*Exercise:* Your answer must consist of exactly the lines below, starting with the line with "Tại buổi lễ, Chủ" and going on through the line with "書写の時間です。思わず写真を", and nothing else.

*Data in this exercise:*
------------------------------------------------------------------------
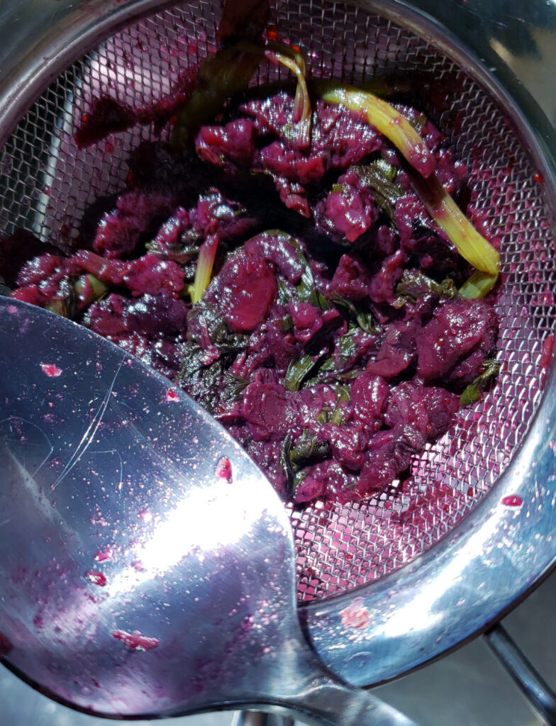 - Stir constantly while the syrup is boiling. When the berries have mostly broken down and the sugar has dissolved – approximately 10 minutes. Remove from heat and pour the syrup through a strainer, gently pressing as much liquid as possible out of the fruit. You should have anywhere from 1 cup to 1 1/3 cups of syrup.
------------------------------------------------------------------------
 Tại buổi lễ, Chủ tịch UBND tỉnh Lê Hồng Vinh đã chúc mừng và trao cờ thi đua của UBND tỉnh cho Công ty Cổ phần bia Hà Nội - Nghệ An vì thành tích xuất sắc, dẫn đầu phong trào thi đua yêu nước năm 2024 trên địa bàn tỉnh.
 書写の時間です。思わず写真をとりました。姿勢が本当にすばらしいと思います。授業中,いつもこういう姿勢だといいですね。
------------------------------------------------------------------------
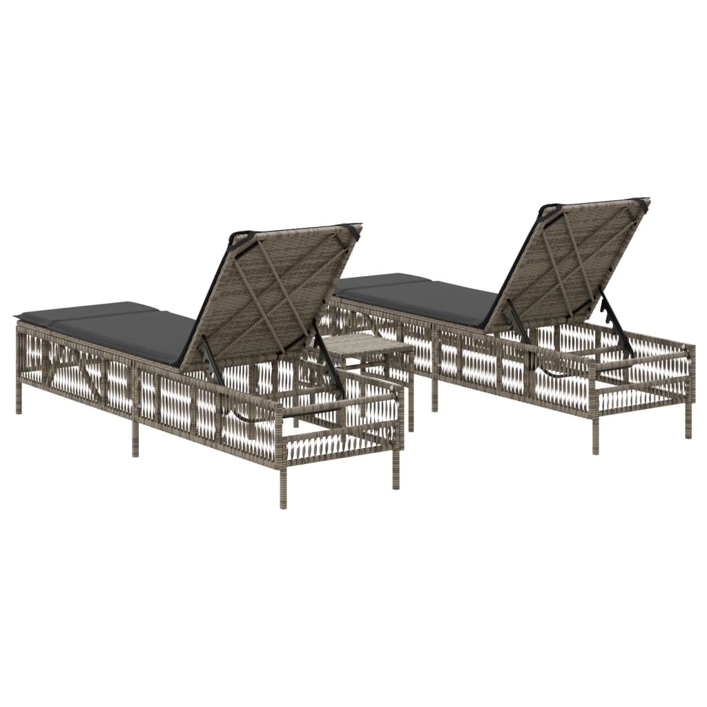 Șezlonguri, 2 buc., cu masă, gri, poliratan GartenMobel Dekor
------------------------------------------------------------------------
*Solution to this exercise:*
 Tại buổi lễ, Chủ tịch UBND tỉnh Lê Hồng Vinh đã chúc mừng và trao cờ thi đua của UBND tỉnh cho Công ty Cổ phần bia Hà Nội - Nghệ An vì thành tích xuất sắc, dẫn đầu phong trào thi đua yêu nước năm 2024 trên địa bàn tỉnh.
 書写の時間です。思わず写真をとりました。姿勢が本当にすばらしいと思います。授業中,いつもこういう姿勢だといいですね。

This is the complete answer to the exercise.